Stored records
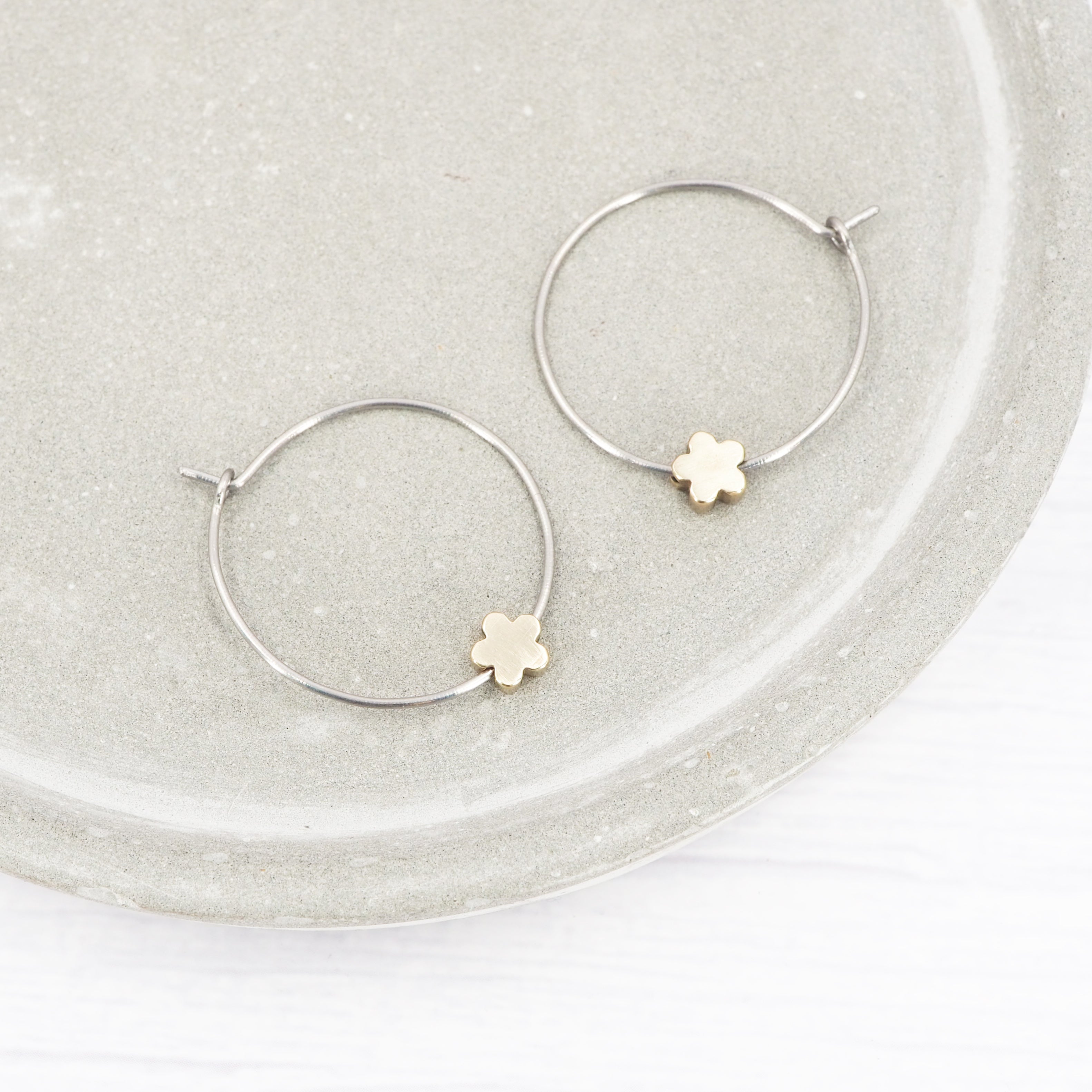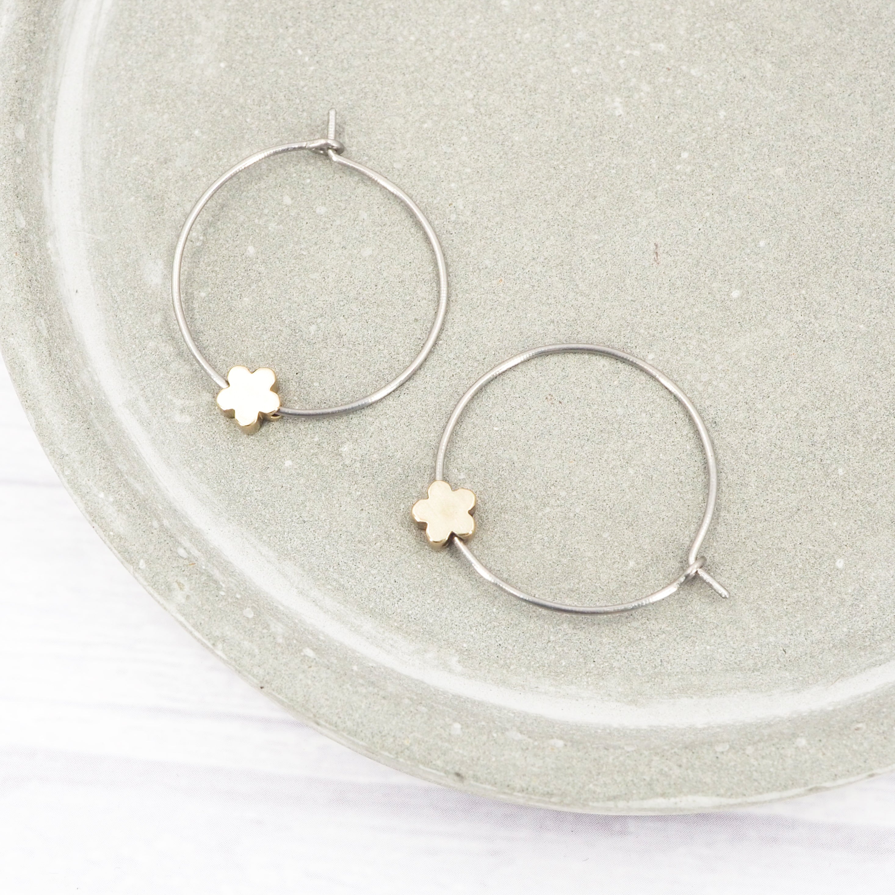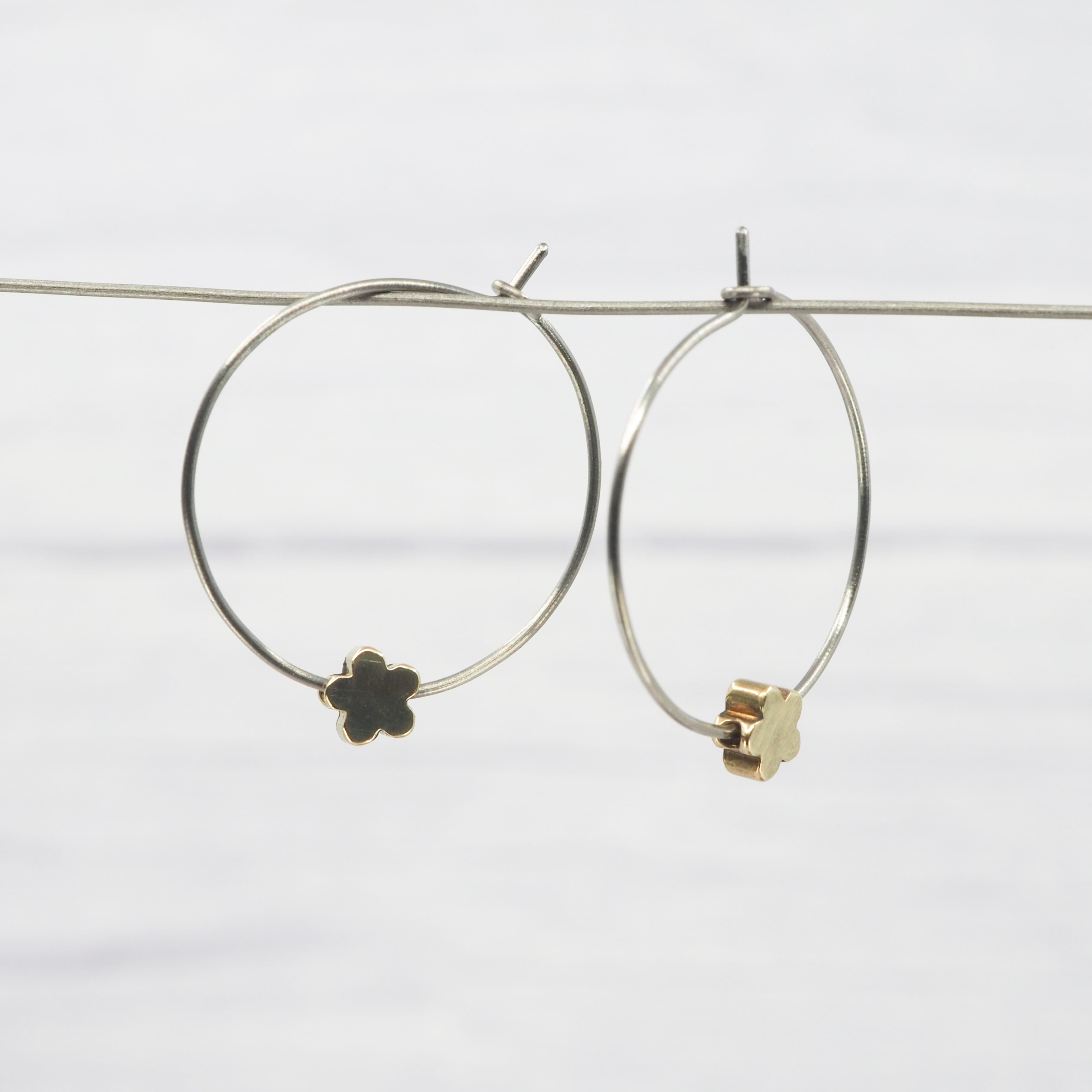 1 inch polished titanium hoops - Brass flower charm
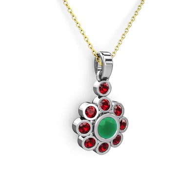 Garnet ve kök zümrüt 14 ayar beyaz altın kolye (40 cm altın rolo zincir)
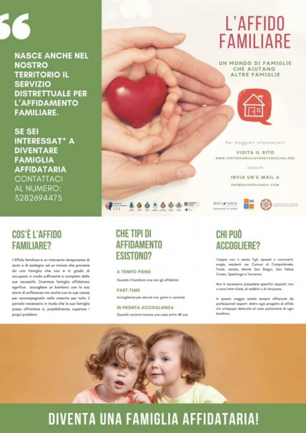 Prosegue la campagna di informazione e sensibilizzazione promossa dal Distretto Socio sanitario LT4 di cui il Comune di Fondi è capofila. Dopo la pubblicazione di un avviso pubblico senza scadenza per il reclutamento delle famiglie, le città interessate si stanno infatti impegnando per far conoscere alla collettività le tipologie e le modalità di affidamento esistenti.
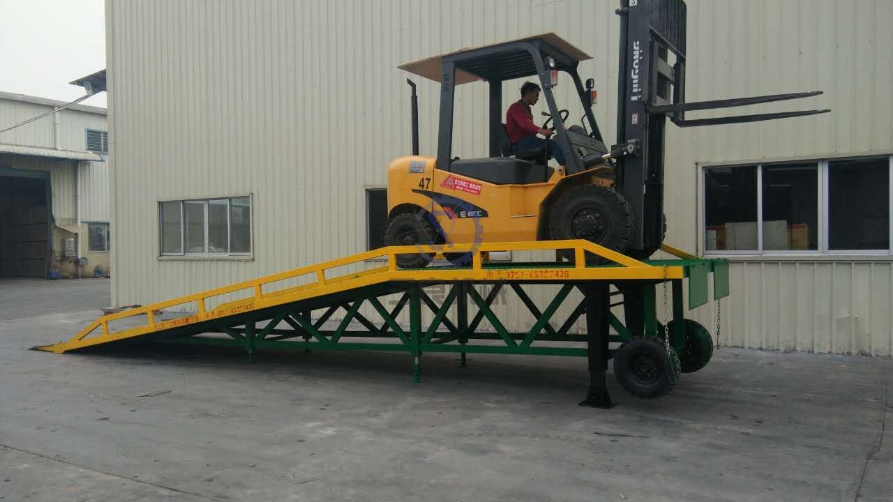 產(chǎn)品規格:根據承載能力產(chǎn)品分為:6、8、10、12噸登車(chē)橋,移動(dòng)式登車(chē)橋是叉車(chē)配合使用的貨物裝卸輔助設備,可根據汽車(chē)車(chē)廂的高低調節高度,叉車(chē)可以直接通過(guò)本設備駛入車(chē)廂內部批量作業(yè),設備
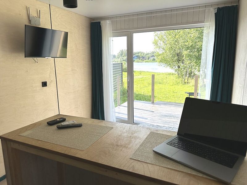 Дом с двухспальной кроватью. Свой пирс на берегу реки, своя зона барбекю. Быстрый интернет. Все удобства для комфортного проживания.
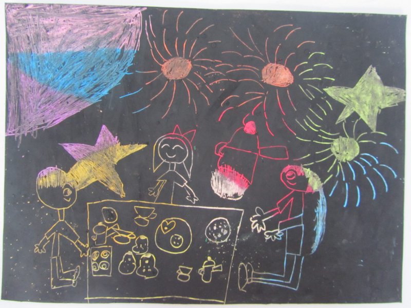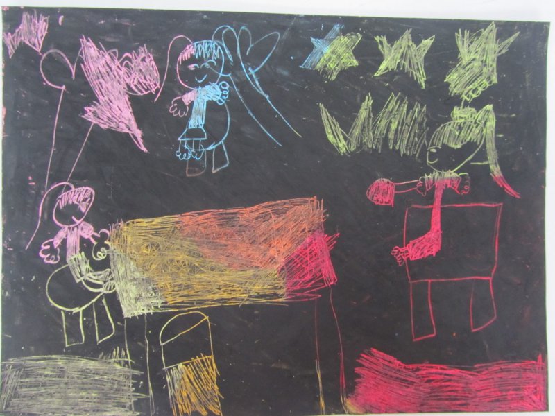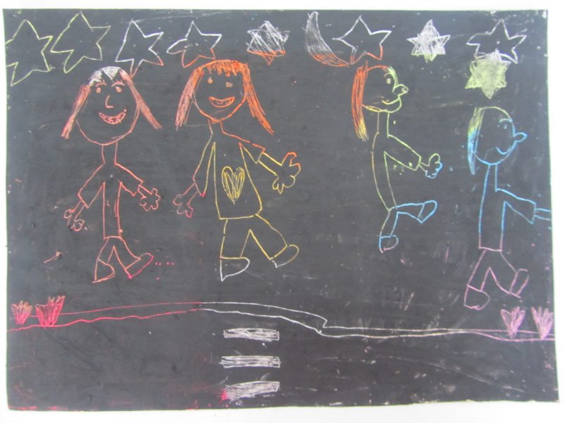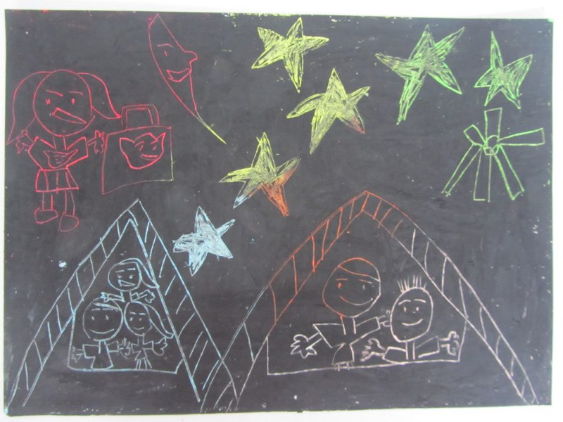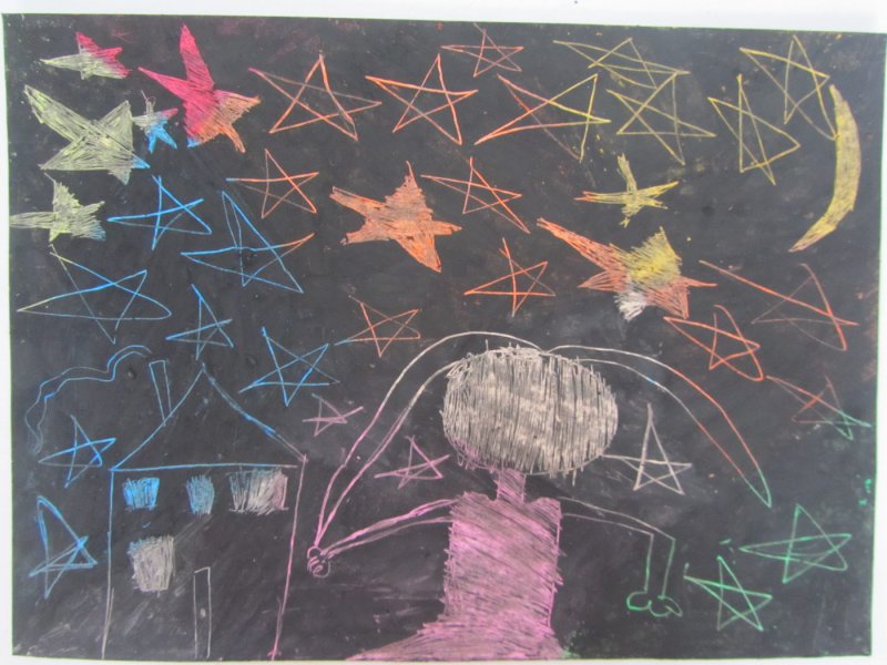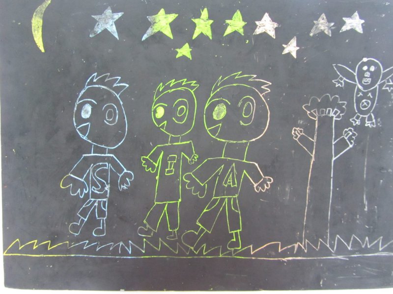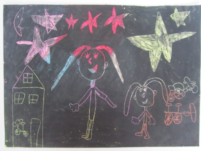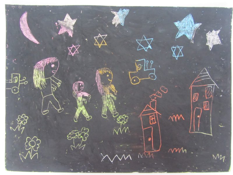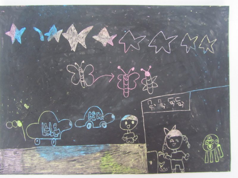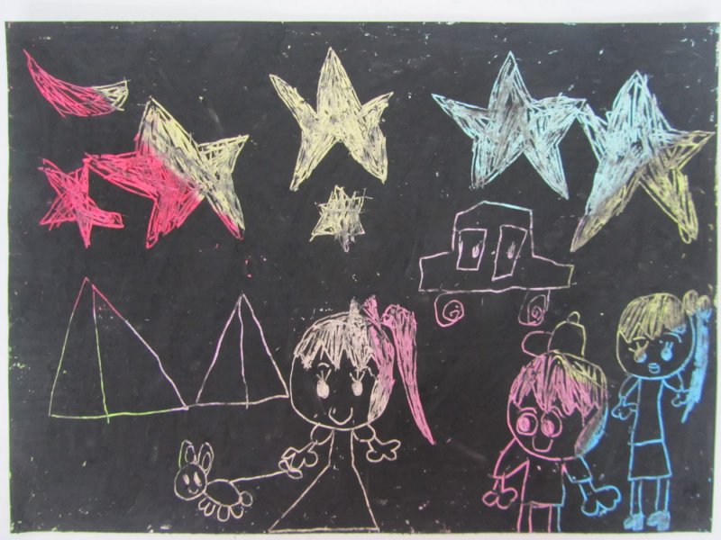 先把底層用鮮艷的色彩塗滿,再蓋上一層黑,最後用竹籤刮出我要的圖案。一張夜晚的生活情景就出來了。

**Work request**
All entries must be output exactly as they stand, and every picture must be left out.

**Reply**
 1 inch polished titanium hoops - Brass flower charm
 Garnet ve kök zümrüt 14 ayar beyaz altın kolye (40 cm altın rolo zincir)
 Prosegue la campagna di informazione e sensibilizzazione promossa dal Distretto Socio sanitario LT4 di cui il Comune di Fondi è capofila. Dopo la pubblicazione di un avviso pubblico senza scadenza per il reclutamento delle famiglie, le città interessate si stanno infatti impegnando per far conoscere alla collettività le tipologie e le modalità di affidamento esistenti.
 產(chǎn)品規格:根據承載能力產(chǎn)品分為:6、8、10、12噸登車(chē)橋,移動(dòng)式登車(chē)橋是叉車(chē)配合使用的貨物裝卸輔助設備,可根據汽車(chē)車(chē)廂的高低調節高度,叉車(chē)可以直接通過(guò)本設備駛入車(chē)廂內部批量作業(yè),設備
 Дом с двухспальной кроватью. Свой пирс на берегу реки, своя зона барбекю. Быстрый интернет. Все удобства для комфортного проживания.
 先把底層用鮮艷的色彩塗滿,再蓋上一層黑,最後用竹籤刮出我要的圖案。一張夜晚的生活情景就出來了。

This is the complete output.